Exercise goal =
Which of the lines below hold the word "sprzątnięcia"? Pull each of them out.

--- Source data ---

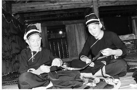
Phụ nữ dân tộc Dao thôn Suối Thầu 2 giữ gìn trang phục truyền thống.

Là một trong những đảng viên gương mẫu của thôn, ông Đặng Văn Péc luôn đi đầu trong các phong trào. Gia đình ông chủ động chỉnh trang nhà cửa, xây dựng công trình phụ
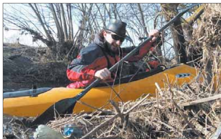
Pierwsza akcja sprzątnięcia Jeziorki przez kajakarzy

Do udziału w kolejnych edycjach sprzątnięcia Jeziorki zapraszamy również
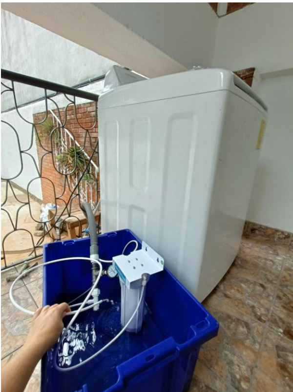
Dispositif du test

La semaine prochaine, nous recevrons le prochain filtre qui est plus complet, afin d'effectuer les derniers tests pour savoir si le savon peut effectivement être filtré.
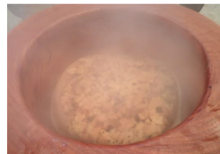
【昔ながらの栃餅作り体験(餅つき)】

---
--- Source data ---

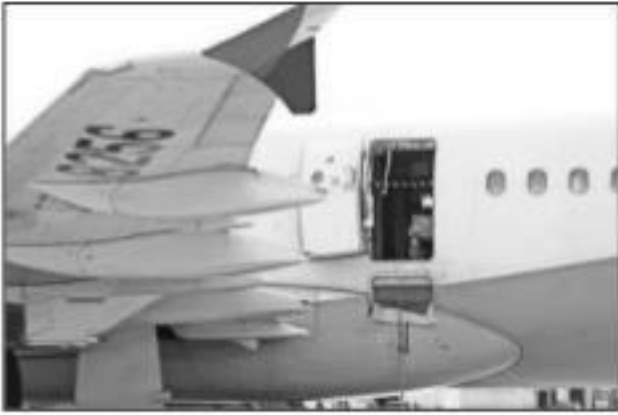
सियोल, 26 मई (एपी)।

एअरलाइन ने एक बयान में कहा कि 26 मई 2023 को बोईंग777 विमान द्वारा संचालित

---

Written response =
Pierwsza akcja sprzątnięcia Jeziorki przez kajakarzy
Do udziału w kolejnych edycjach sprzątnięcia Jeziorki zapraszamy również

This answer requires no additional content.